Души всмятку - Мацкевич Людмила Васильевна 4 стр.


   Но вот музыка смолкла, и Тоня оказалась снова в своем углу. Жизнь на танцплощадке бурлила, но теперь девушка не чувствовала себя оторванной от нее - она словно влилась в этот поток. А что было делать дальше, она не знала. Видимо, ждать. Тоня пыталась разглядеть Нолика среди танцующих, но его не было. Вот отзвучала и последняя мелодия, все неторопливо двинулись к выходу из парка, и она, увлекаемая толпой, уныло побрела домой. Ей было обидно, что Нолик исчез, что она не увидела его еще раз пусть даже издали, и досадно, что подруги куда-то подевались и идти придется одной.

   Мать никогда не просыпалась, когда Тоня приходила позже, и девушка с грустью представила, как ляжет в свою постель и, несмотря на чуть слышное дыхание матери, будет думать о том, так одинока в этой жизни. Было время, когда она хотела спросить мать об отце, ведь был же он, хотя в метрике о рождении стоял жирный прочерк.
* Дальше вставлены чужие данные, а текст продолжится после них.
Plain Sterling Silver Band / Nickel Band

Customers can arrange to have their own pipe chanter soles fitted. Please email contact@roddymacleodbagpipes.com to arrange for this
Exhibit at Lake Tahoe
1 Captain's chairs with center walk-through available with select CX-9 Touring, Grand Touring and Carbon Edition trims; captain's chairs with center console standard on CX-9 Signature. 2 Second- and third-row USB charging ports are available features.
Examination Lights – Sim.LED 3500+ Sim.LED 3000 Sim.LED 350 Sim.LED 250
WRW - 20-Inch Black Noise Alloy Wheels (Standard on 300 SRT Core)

Но время шло, а она так и не решилась заговорить об этом, потому что не была уверена, что мать захочет отвечать и сделает так, как делала всегда, когда не хотела говорить: повернется к дочери спиной. Тоня знала, что можно было продолжать спрашивать сколько угодно, но спина даже не дрогнет. Мать всегда хотела только тишины и одиночества. И если тишина в доме нарушалась, она умела дать почувствовать дочери свое крайнее неудовольствие.
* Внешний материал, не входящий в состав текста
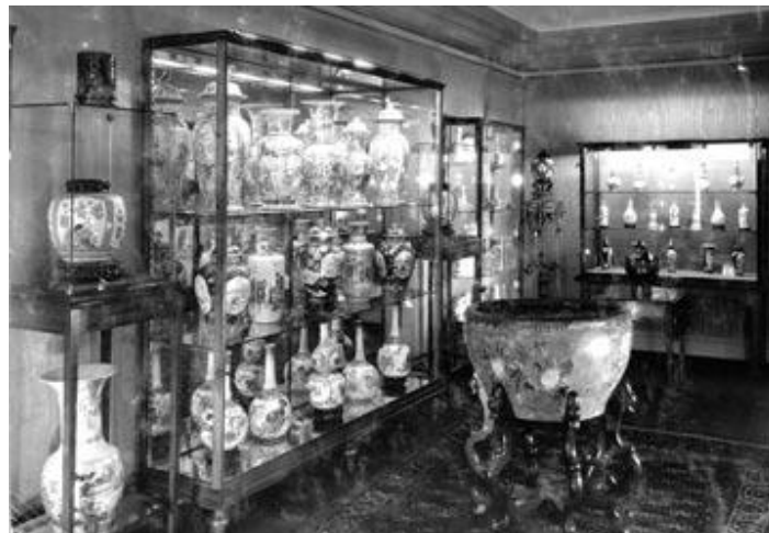
Fig.5. Interior of the 26 King Street shop. This view was taken in the 1920s.

Partridge learnt a lesson from this man who, in his 40s, was worth millions, but who had started as a grocer's assistant with nothing in his pocket. As a result of the success and expansion of the new business, Partridge was eventually able to move to 26 King Street in 1912 (Fig.4 and Fig.5).
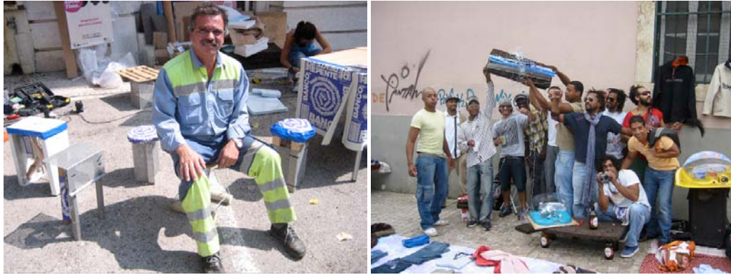
Street workshop to produce stools and benches for public use from found local material.
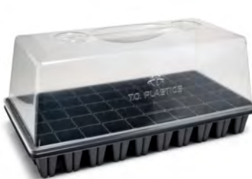
720695C w/dome PL-SR-50-3-VH
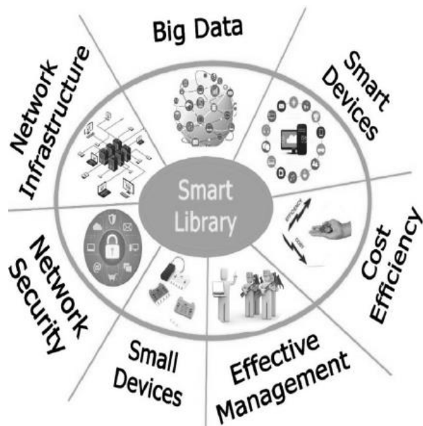
Figure 1: Smart Library

Big data can facilitate organisation of large volumes of research data and make it possible for integration with the smart library using the IoT technology for sharing with stakeholders (Garoufallou & Gaitanou, 2021). With big data management, librarians can be able to analyse, systematically extract research data and reports and share for research and development (Tella, 2020a). On the other hand, blockchain technology provides a crucial means of sharing information which can be organised in blocks and verified by experts and be added into the sharing chain within the networked infrastructure. This technology has similarly found its way in modern libraries and librarians where research data management can be established in blocks with respect to its contribution or function in R&D. Each of these blocks of data is secured and bound to each other using cryptographic or chain principles (Chingath & Babu, 2020).
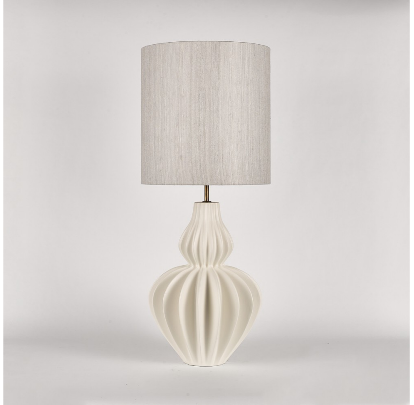
TL825 in Chalk and Old English Brass with 14" Tall Drum Shade in James Hare Vyne Silk French Grey 31625/10

Required modifications for use on yachts - lacquer applied to all metal components, "sea rod" through centre to secure base to surfaces, with the cable exit through bottom of the base.
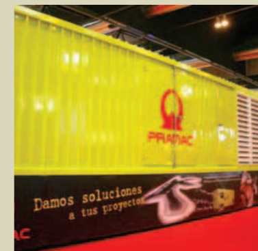
Generating interest: The GPW1850 attracted much attention at Matelec.
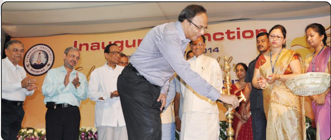
The Vice Chancellor lighting the ceremonial lamp
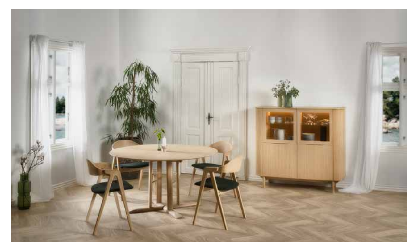
Malli Round dining table, Titan veneer, Malli sideboard in light oak lacq.
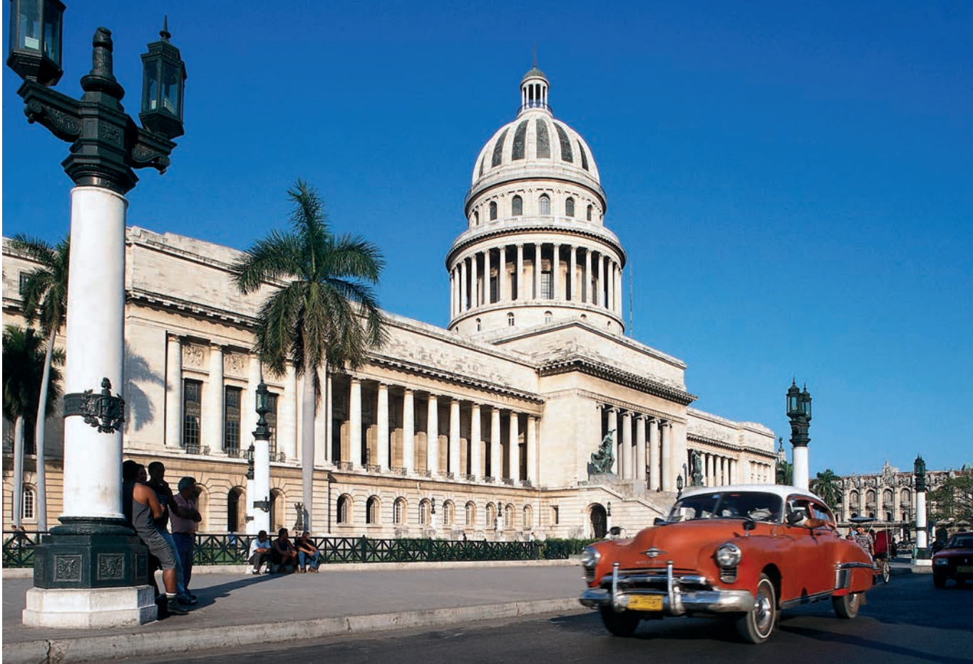
The Capitol in Havana
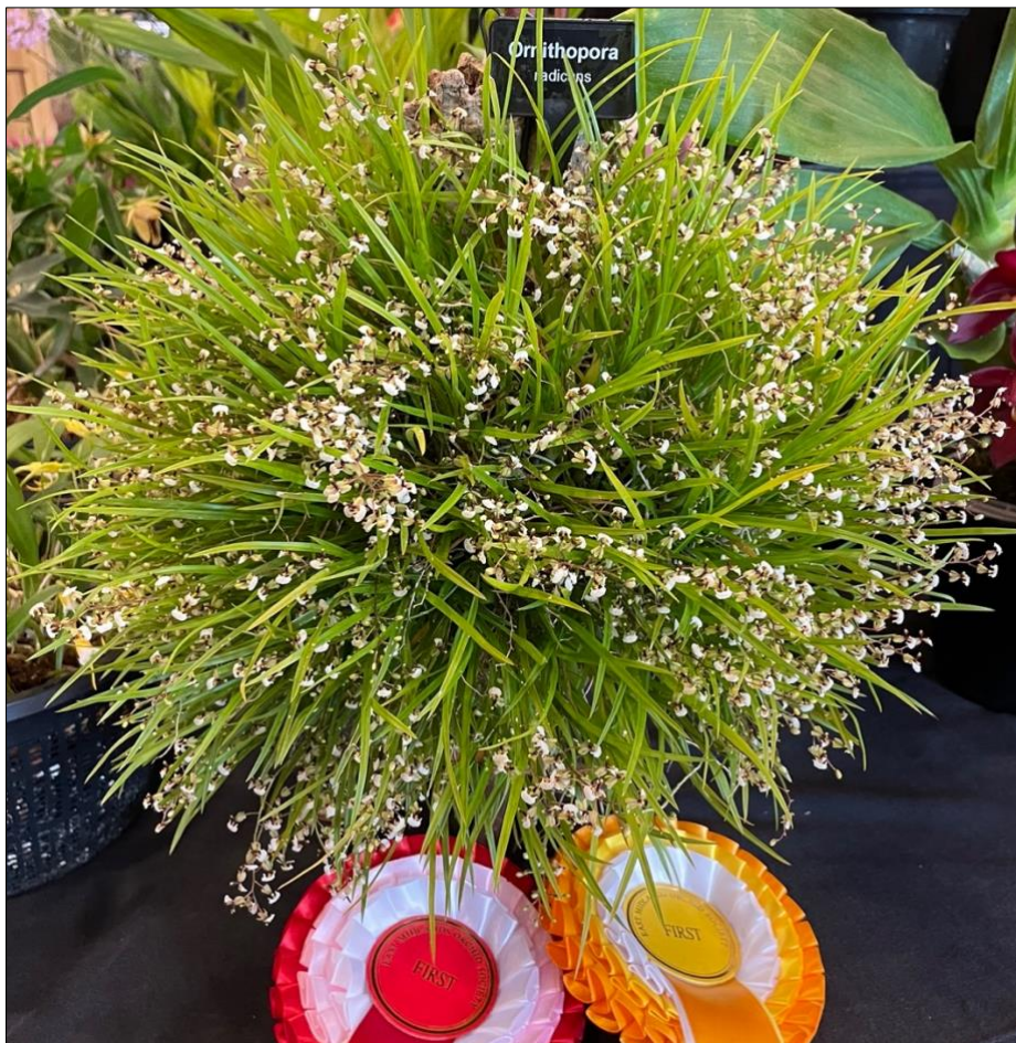
Best Species in Show: Ornithophora radicans (East Midlands)
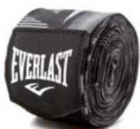
BLACK GEO P00002913
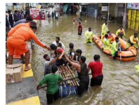
Residents are evacuated from a flooded

Authorities in Hyderabad declared a holiday yesterday and asked residents to
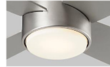
With optional light kit
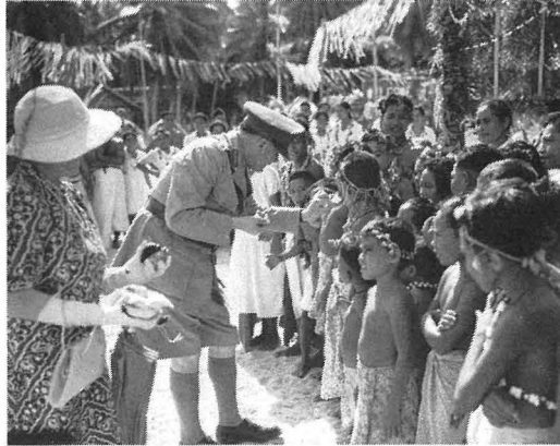
New Zealand Governor General sir Bernard Freyberg's tour of the Tokelau Islands, Nukunonu, July 1948. An accompanying caption reads: 'His Excellency feeding sweets to kids'. Mr Christensen. National Archives.

Will Tokelau meet the year 2000 deadline for decolonisation? In 1994 Tokelau committed itself to the process of development of internal self-government, but has expressly not committed itself to any timetable for achievement of full internal self-government or for the exercise of its right to self-determination. In order to advance the goals of internal self-government, Tokelau has since 1993 been very active. It has brought the Tokelau

   Погруженная в собственные мысли, Тоня не сразу заметила Нолика, стоявшего у выхода из парка. Увидев ее, он подошел, а она с удивлением услышала свой голос, спрашивающий молодого человека о том, куда он подевался. Он же, не удивившись вопросу, стал рассказывать, что живет в Свердловске, что его отец призжает сюда к другу порыбачить, что они - заядлые рыбаки, а он приехал с отцом только лишь потому, что отец зимой долго болел и мама не захотела его отпускать без присмотра, что отец поэтому называет его присмотрщиком, что он уже здесь несколько дней, но на рыбалку с отцом не ходит, так как хуже раннего подъема может быть только манная каша, что он старается не надоедать жене папиного друга, поэтому встречается с ней только за ужином, так как встает поздно, когда она уже на работе, что днем валяется с книгой на огороде или, взяв вместо обеда пару бутербродов, идет на пляж.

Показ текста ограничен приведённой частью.